Today I got to drive advanced life service critical care! ( Might be the last time I get to drive lights and sirens 😭)

I am fairly certain I am going to specialize in emergency medicine at least initially. I can't give up the adrenaline rush and hopefully as someone calling shots in an ER or critical care I can continue making an impact and saving people.

I genuinely couldn't do it without all of you.

Everyone has contradictions and as much pride I have in my intellect and accomplishments I often feel worthless infact I try so hard to fill the void of needed affirmation.

When you all have congratulated me in person and I said will see when I get though.
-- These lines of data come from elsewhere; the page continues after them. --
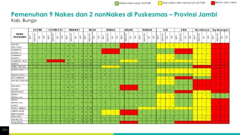 Nakes mencukupi std PMK Ada nakes, blm memenuhi std PMK Belum ada nakes Pemenuhan 9 Nakes dan 2 nonNakes di Puskesmas – Provinsi Jambi Kab. Bungo 204
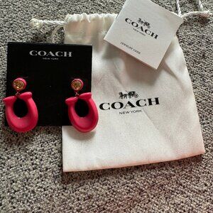 EUC Coach large signature enamel drop earrings #CB410 color pink/gold (ONH)
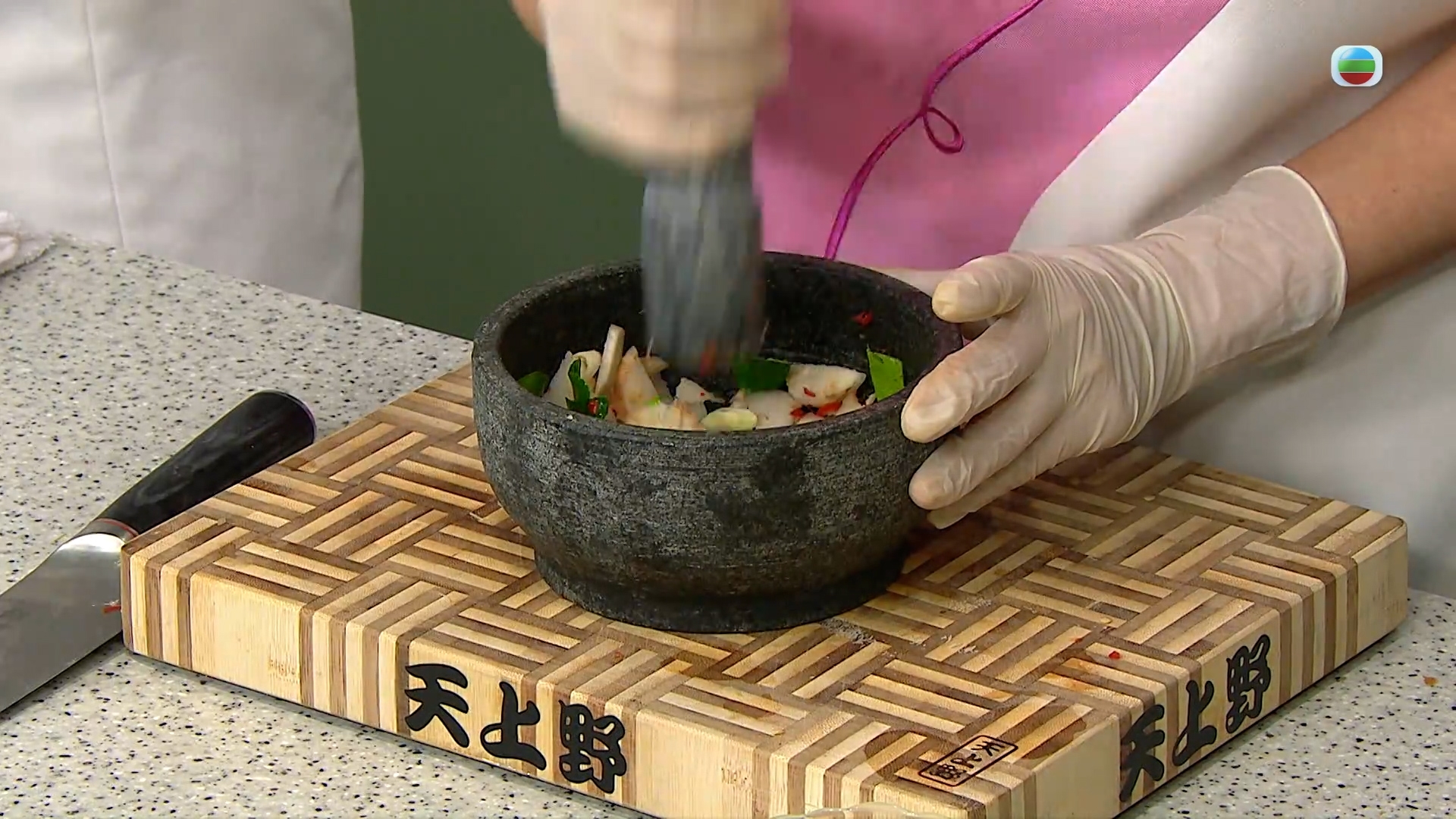 把香茅、南薑、指天椒、檸檬葉切碎,青檸榨汁,然後把香料碎倒入杵臼舂爛,能舂出和攪拌機截然不同的風味。再加入椰糖、魚露和青檸汁就完成底料了。將其分成一大一小兩份備用。
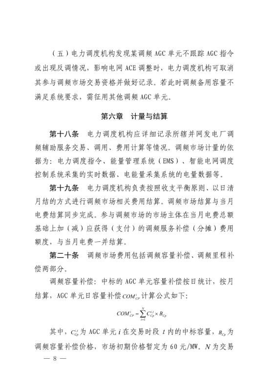 華北能監(jiān)局6月18日正式印發(fā)《蒙西電力市場調(diào)頻輔助服務交易實施細則(試行)》,其中指出市場主體可同時參與調(diào)頻市場和現(xiàn)貨電能量市場,并分別獲得調(diào)頻容量及調(diào)頻里程補償。其中調(diào)頻里程申報價格范圍暫定為6-15元 / MW,調(diào)頻容量補償市場初期價格暫定為60元 / MW。
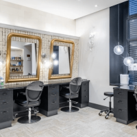 Espace Artistique Baroque : Laissez libre cours à votre créativité dans un cadre artistique et baroque, où nos stylistes peuvent exprimer leur talent à travers des créations audacieuses et originales. Les miroirs dorés et décalés ajoutent une touche de glamour à cet espace inspirant.
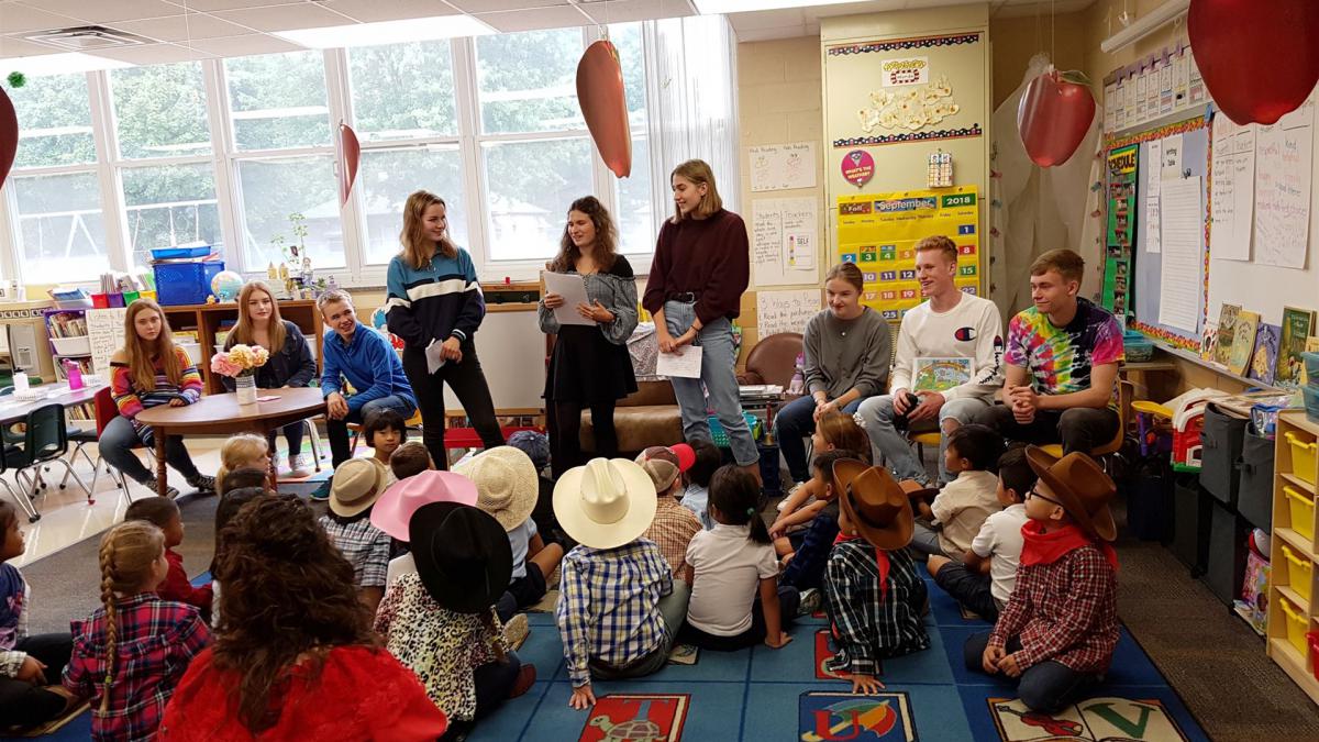 Heute verließen wir die Schule nach der fünften Stunde, um zur St. Mark Elementary School zu fahren. Dort trafen wir auf sehr aufgeregte Kinder, denen wir die ersten Wörter auf Deutsch beibrachten. Mit Begeisterung haben sie mit uns zusammen gesungen und spielerisch die Namen der Farben gelernt. Zum Abschluss gab es für die Kinder und Lehrer Süßigkeiten und Sticker.
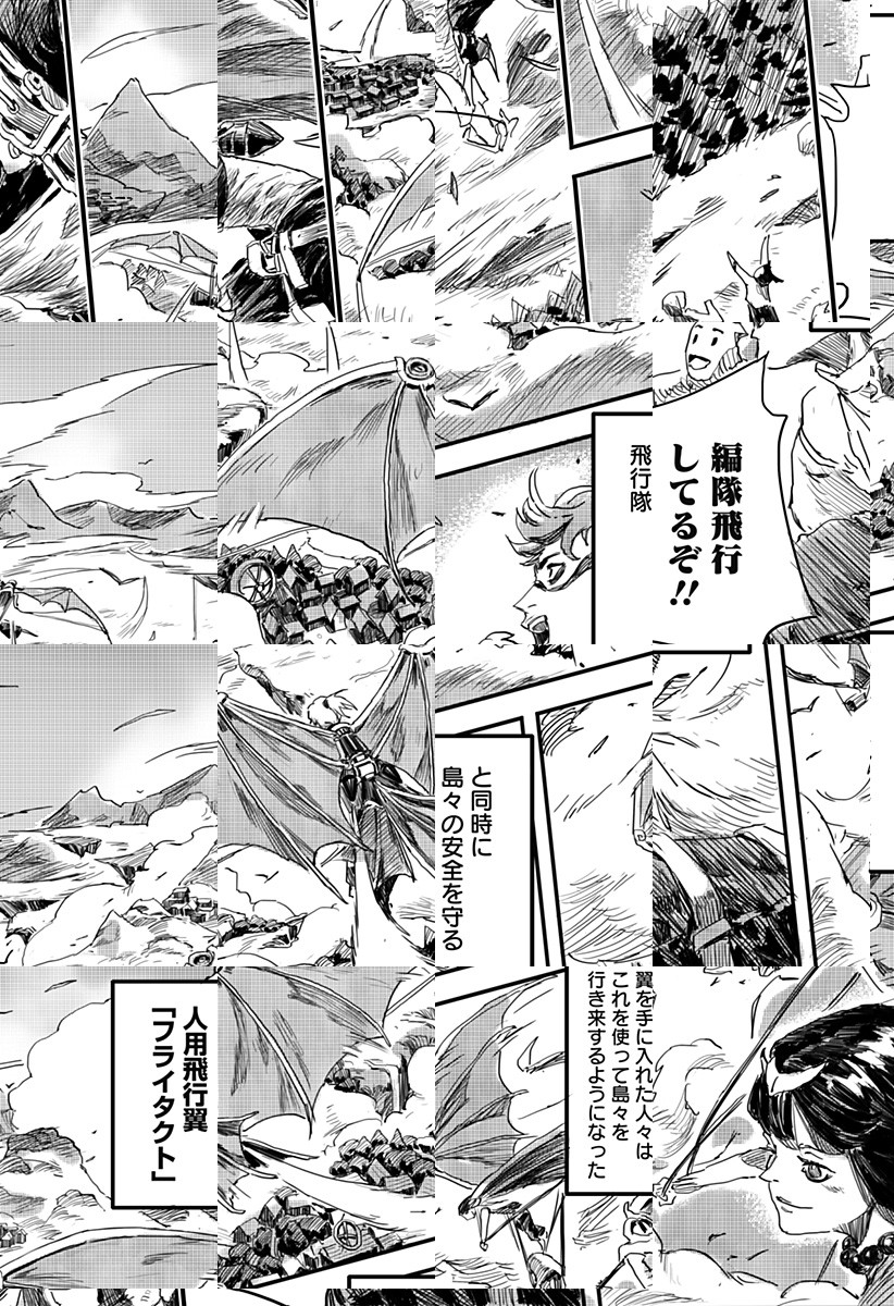 天空の島に住み、人口の翼を自由に操る人々。そんな世界の中、ある少年はここでは超珍しい『高所恐怖症』で…。勇気と翼はいつ開く!?中国の新星作家が放つ天空空想冒険読切!
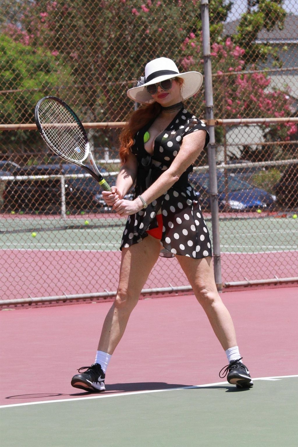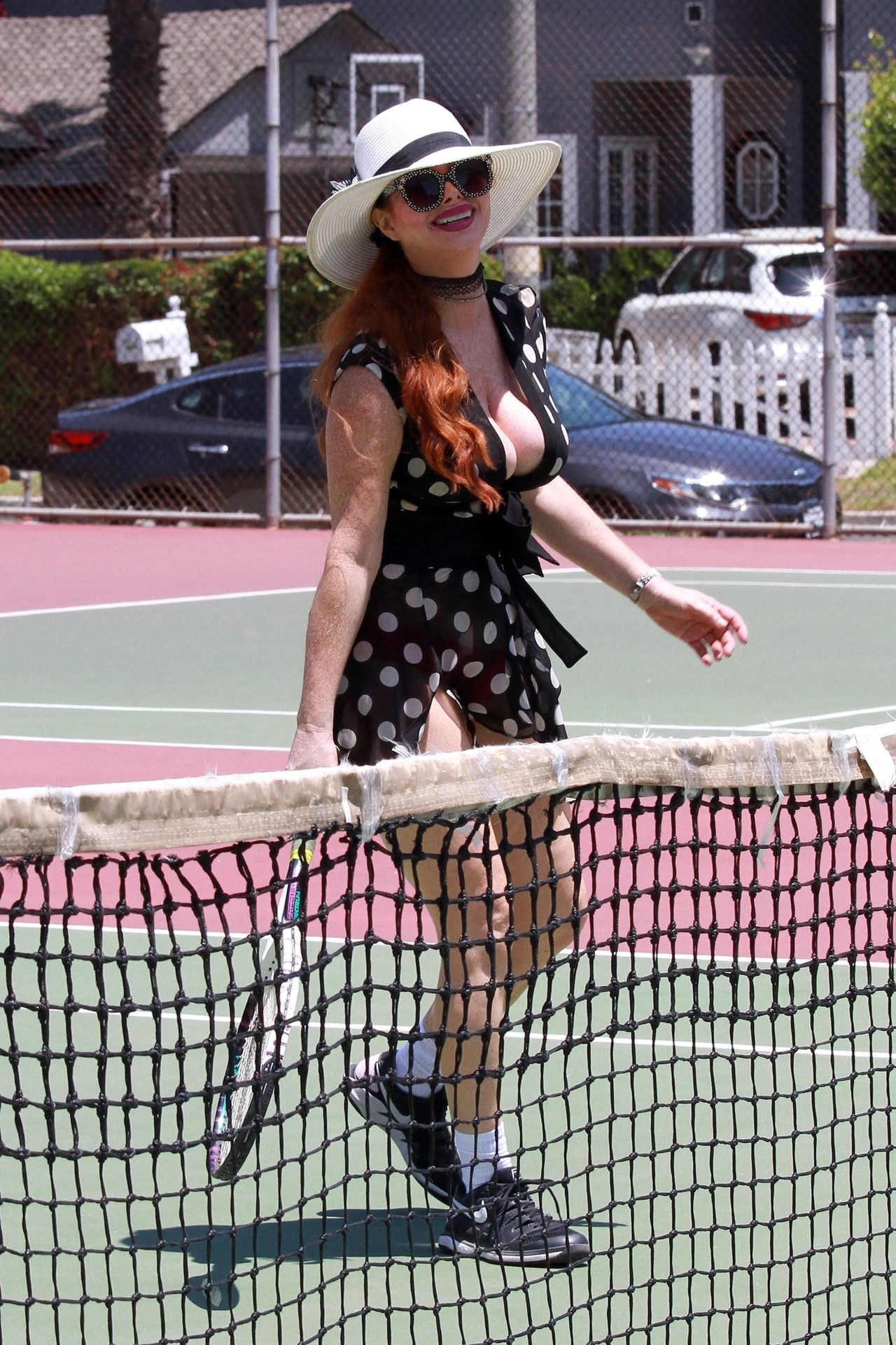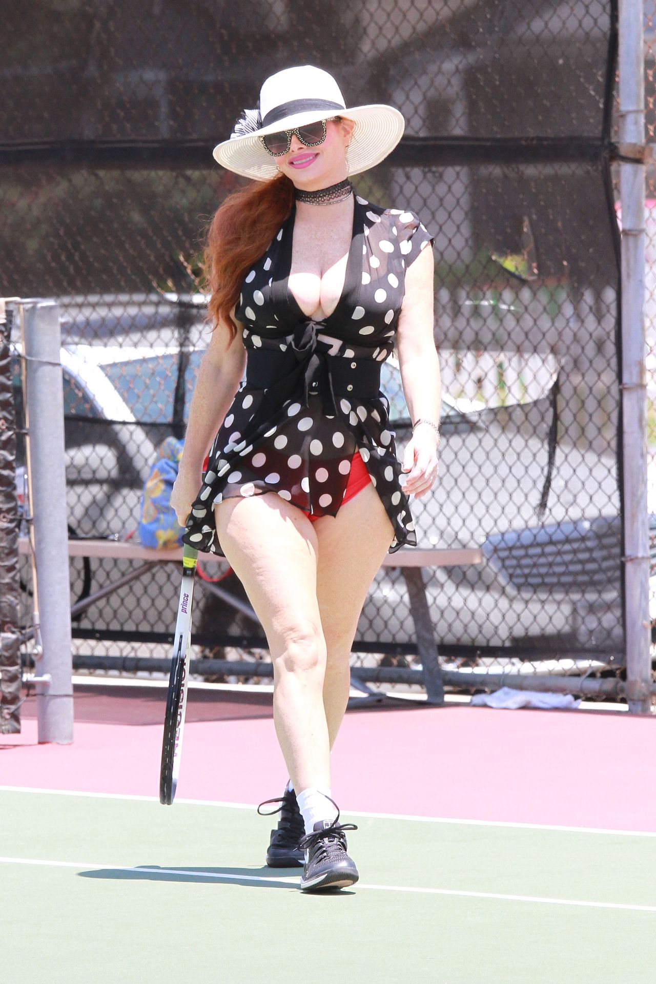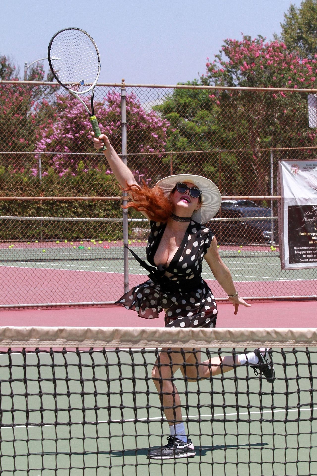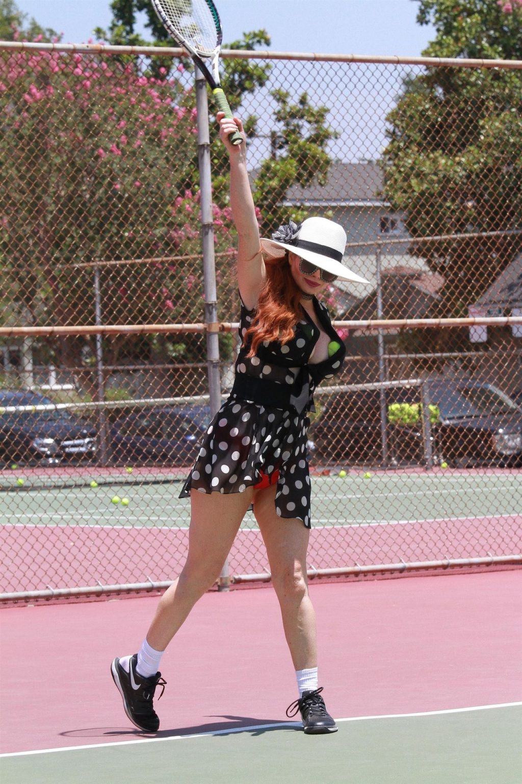 L’actrice exhibe une nouvelle tenue pour les courts et un décolleté prononcé. Elle s’amuse à frapper des balles et fait son entraînement.

It wasn't me trying to be a jerk I just feel in many ways until I pass med school and get my doctorate the work is not done.

What's funny is even once I am done I will still be mad at myself for not being better.

My sign language is rusty, I really should learn Spanish so I can better serve the next largest segment of our population better. #longtermgoals

I have a mantra I heard once and live by - Good Better Best, Never let it Rest, Till Your Good is Better, and Your Better is Best!

I want to be the best at anything I do and I thank you for being part of why I enjoy being alive since in my eyes I suck.

🥹

1 month ago. December 11, 2024 at 2:06 PM

I am genuinely depressed 😞

I am late on taking my hormones so I have a horrible migraine which is a crap way to start.

Then you add in the fact I crunched all the numbers and when you add school plus cost of living medical school is about to force me to take loans around 140,000-160,000 thousand.

On top of which in three weeks now I have to move and I don't even feel like packing.

Also I got really upset at my aunt shes the one bio relative I am still on speaking terms with. She was really sick reported a fever of 104 but because she was afraid of the expensive nature of hospitals went to a minute clinic where all they did was give her prescription strength Ibuprofen!

They didn't address the root cause of her fever or properly diagnose her and it outrages me.

I can't treat everyone on earth once I get my medical license but when the people I love are getting shit care it will hit extra deep.

If only I did things a tad faster I could have treated my aunt and she would have better care. I don't know some days just get to me.

At least yesterday I finished my final undergrad test! If I got over a 76 I would get an A in the class under a B yet since I'm already accepted to medical school it didn't even matter.

Kinda anti climatic 😭 it didn't even matter.